→ **DATASET EXTRACT**:
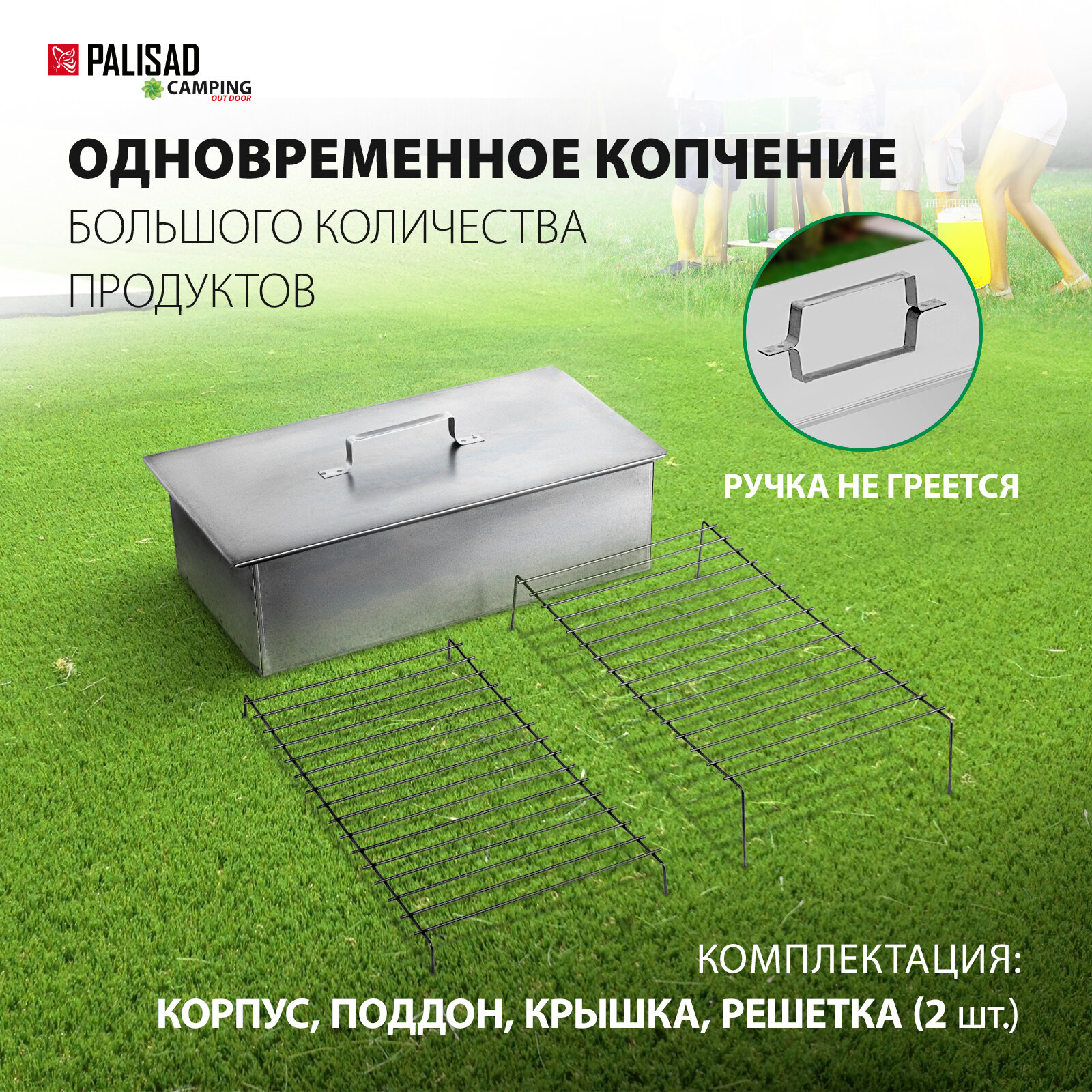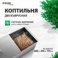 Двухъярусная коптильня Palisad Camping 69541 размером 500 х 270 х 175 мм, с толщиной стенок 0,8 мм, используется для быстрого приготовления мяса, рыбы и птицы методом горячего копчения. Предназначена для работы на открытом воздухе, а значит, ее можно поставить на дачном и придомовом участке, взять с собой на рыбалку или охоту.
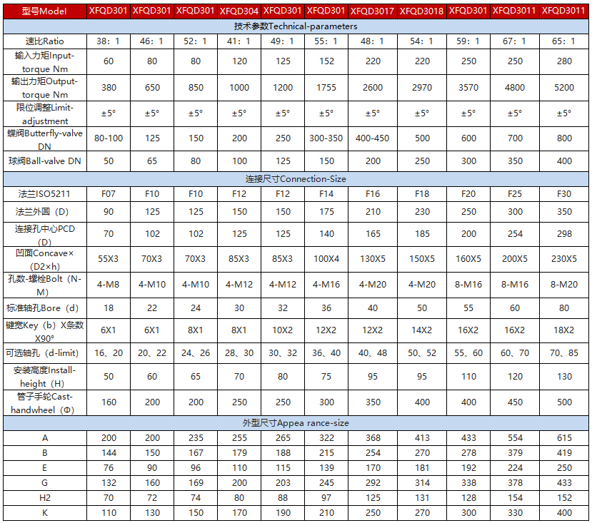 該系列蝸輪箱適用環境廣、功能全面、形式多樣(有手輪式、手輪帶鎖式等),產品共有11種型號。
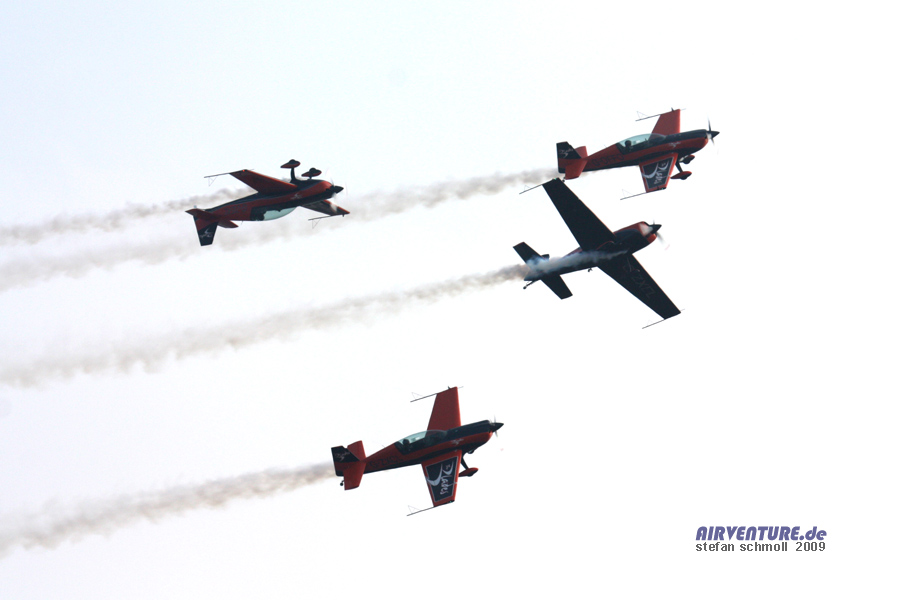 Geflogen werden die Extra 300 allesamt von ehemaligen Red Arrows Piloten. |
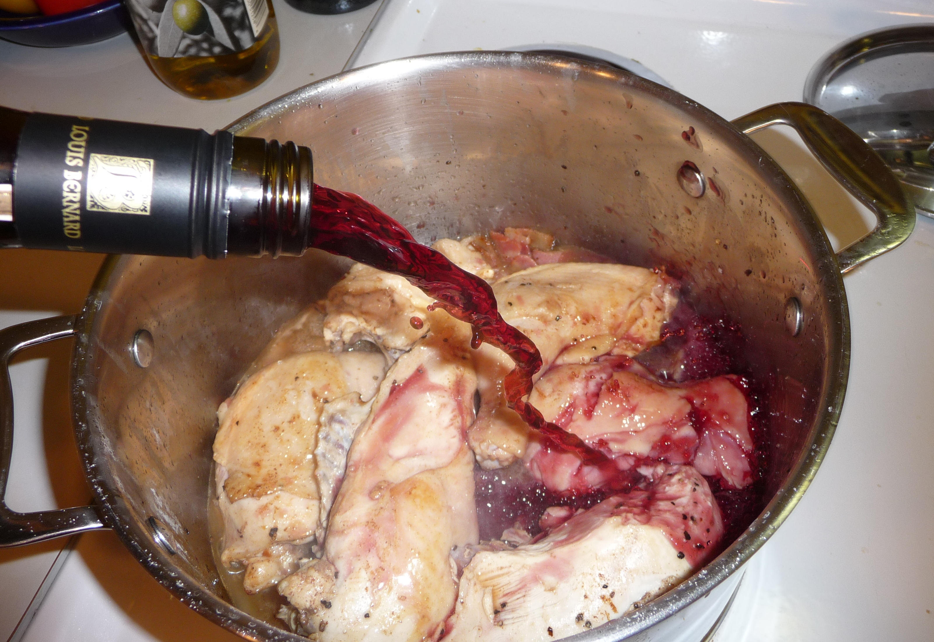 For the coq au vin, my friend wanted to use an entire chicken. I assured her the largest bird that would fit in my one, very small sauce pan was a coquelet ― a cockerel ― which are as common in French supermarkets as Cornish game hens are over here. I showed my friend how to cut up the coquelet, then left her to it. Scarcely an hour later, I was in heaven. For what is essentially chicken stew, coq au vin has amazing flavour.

→ **WHAT IS REQUIRED**: With every picture left out, print exactly the lines from the one containing "該系列蝸輪箱適用環境廣、功能" through the final line of the material above.

→ **OUTPUT FOR THIS TASK**:
 該系列蝸輪箱適用環境廣、功能全面、形式多樣(有手輪式、手輪帶鎖式等),產品共有11種型號。
 Geflogen werden die Extra 300 allesamt von ehemaligen Red Arrows Piloten. |
 For the coq au vin, my friend wanted to use an entire chicken. I assured her the largest bird that would fit in my one, very small sauce pan was a coquelet ― a cockerel ― which are as common in French supermarkets as Cornish game hens are over here. I showed my friend how to cut up the coquelet, then left her to it. Scarcely an hour later, I was in heaven. For what is essentially chicken stew, coq au vin has amazing flavour.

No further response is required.